“It’s no more combatting Russian trolls trying to hack the system. If pointed at the EU and Greenland, the disinformation campaigns on U.S. platforms become the system,” he said.
Ripe for exploitation
The relationship between Denmark and Greenland is particularly ripe for exploitation, said Signe Ravn-Højgaard, co-founder and CEO of Denmark-based Digital Infrastructure Think Tank, who conducted an analysis on the misinformation landscape in Greenland.
With a population the size of a Brussels municipality, news travels fast in Greenland and there are few media outlets that can debunk information. Most people rely on Facebook, said Ravn-Højgaard. With only a few shares, a fake news story can reach the entire population.
“It’s completely different from how it is in Denmark,” she said.
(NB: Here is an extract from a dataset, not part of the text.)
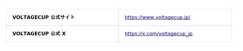 本イベントの詳細は、イベント公式ホームページおよびVOLTAGECUP公式Xアカウントをご確認ください。

If in a city of 20,000 people, 5,000 people believe something false, “it’s not a danger to the democracy of Denmark.” But in Greenland, “that would firstly, quickly spread to everyone, and secondly, it’s a large percentage of the population,” she said.
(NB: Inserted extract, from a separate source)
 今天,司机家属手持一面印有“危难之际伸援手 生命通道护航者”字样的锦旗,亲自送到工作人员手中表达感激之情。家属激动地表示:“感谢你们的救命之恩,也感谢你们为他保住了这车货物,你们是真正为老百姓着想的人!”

Organized foreign interference campaigns haven’t appeared in Greenland yet, according to two researchers that POLITICO spoke to, but misinformation has been spreading.
Two members of the Greenlandic government, Fisheries Minister Peter Borg and Labour Minister Aqqaluaq Egede, pleaded with the public to “stand in unity” on social media in the face of threats from the U.S.